BarbriSFCourseDetails

Course Details

This CLE course will examine practical and legal issues in determining a closely held entity's value when facing a sale of a portion or the entire ownership interest. The panel will discuss the various forms of valuation methodology and how to incorporate these terms into governance documents and buy-sell agreements, as well as address future adjustments and the implications of valuing real estate and goodwill assets.

Faculty

Description

When representing a closely held entity, whether a corporation, LLC, or partnership with a small number of owners and that is not publicly traded, it can be difficult to discern the business' value. Whether the owners are looking to sell a portion of the company or the entire enterprise, creating a framework for valuation early in the corporate legal development can alleviate future disputes.

There are numerous valuation methodologies and advantages and disadvantages to using each method. Some methodologies favor particular industries and whether conflicts of interest exist or where a fiduciary duty is present. Drafting these provisions can also forestall future disputes among owners.

Outside of governance documents, corporate counsel might consider drafting buy-sell agreements that include methodology and adjustment provisions. However, counsel must consider when and how to incorporate an entity's real estate, whether it should be part of a single-asset sub-entity, and how and when to address goodwill as part of the business value.

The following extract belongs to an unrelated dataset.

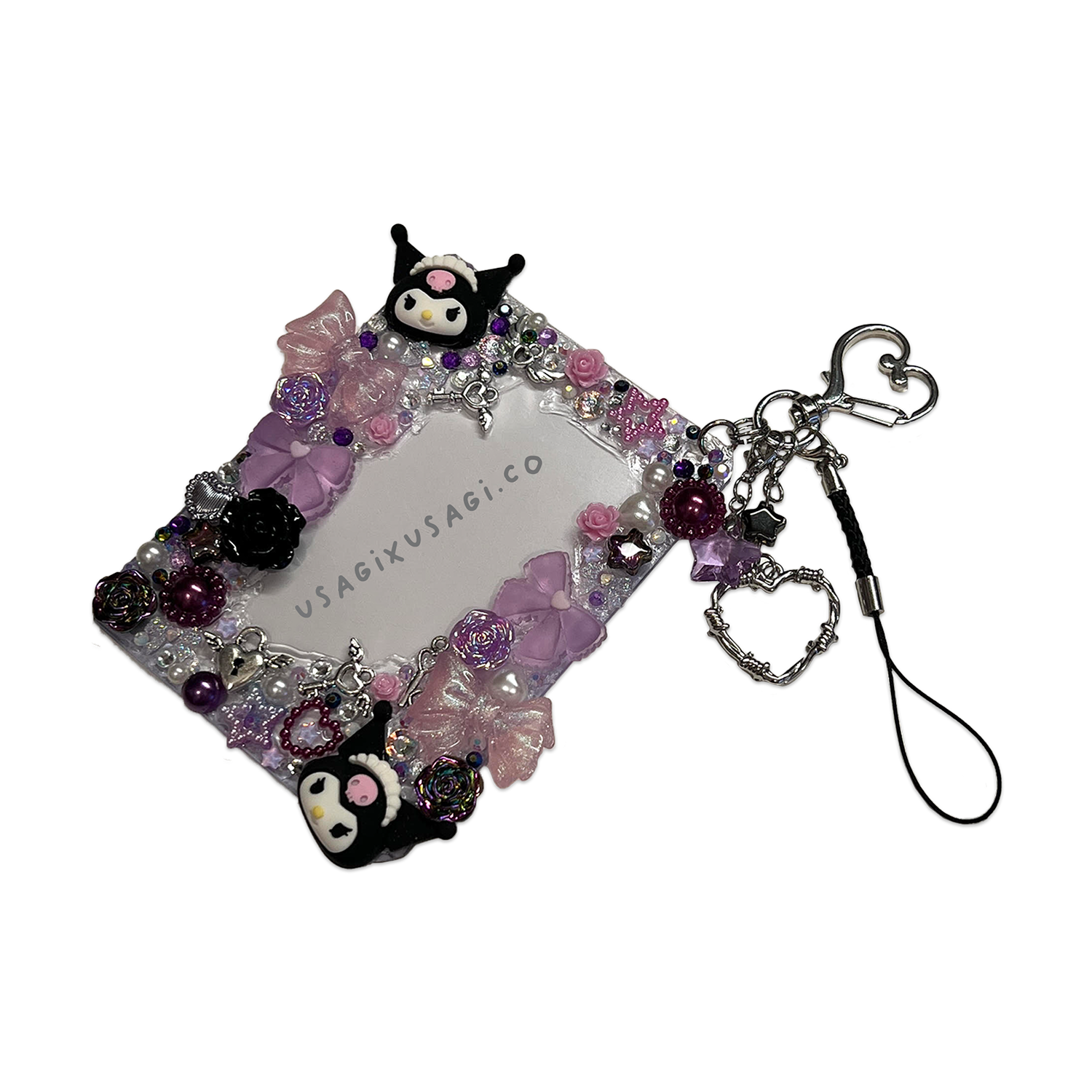 Calling all sweet rebels! 💫 This pastel goth-inspired decoden toploader blends soft lavender tones with bold black accents for a look that's equal parts cute and mischievous. 💅🖤🎀 Featuring sparkly bows, glitter hearts, and punky charm details, this piece is handmade to bring your photocard game to main character energy. 💌✨

Listen as our authoritative panel discusses best practices for drafting valuation provisions in corporate governance documents and buy-sell agreements. The panel will address various valuation methodologies and how corporate documents can anticipate adjustments and fixed value of all assets, including real estate and goodwill.

Outline

  1. Valuation methodology
    1. Net asset value
    2. The earnings approach
    3. Dividend-paying capacity
    4. The market approach
  2. Valuation adjustments
    1. Lack of marketability
    2. Minority interests
    3. Loss of a key person
    4. Built-in capital gain
  3. Buy-sell agreements and fixing value
  4. Attribution of value
    1. Real estate assets
    2. Goodwill as asset

Benefits

The panel will review these and other key issues:

  • How should counsel assist in determining the value methodology in corporate governance documents and buy-sell agreements?
  • When should value adjustments be made to corporate documents to reflect business growth?
  • When should a buy-sell agreement address fixed value?
  • How can counsel work with appraisers, accountants, and other professionals to determine or calculate business assets, including real estate and goodwill?
  • When should real estate be spun away from other assets in determining value?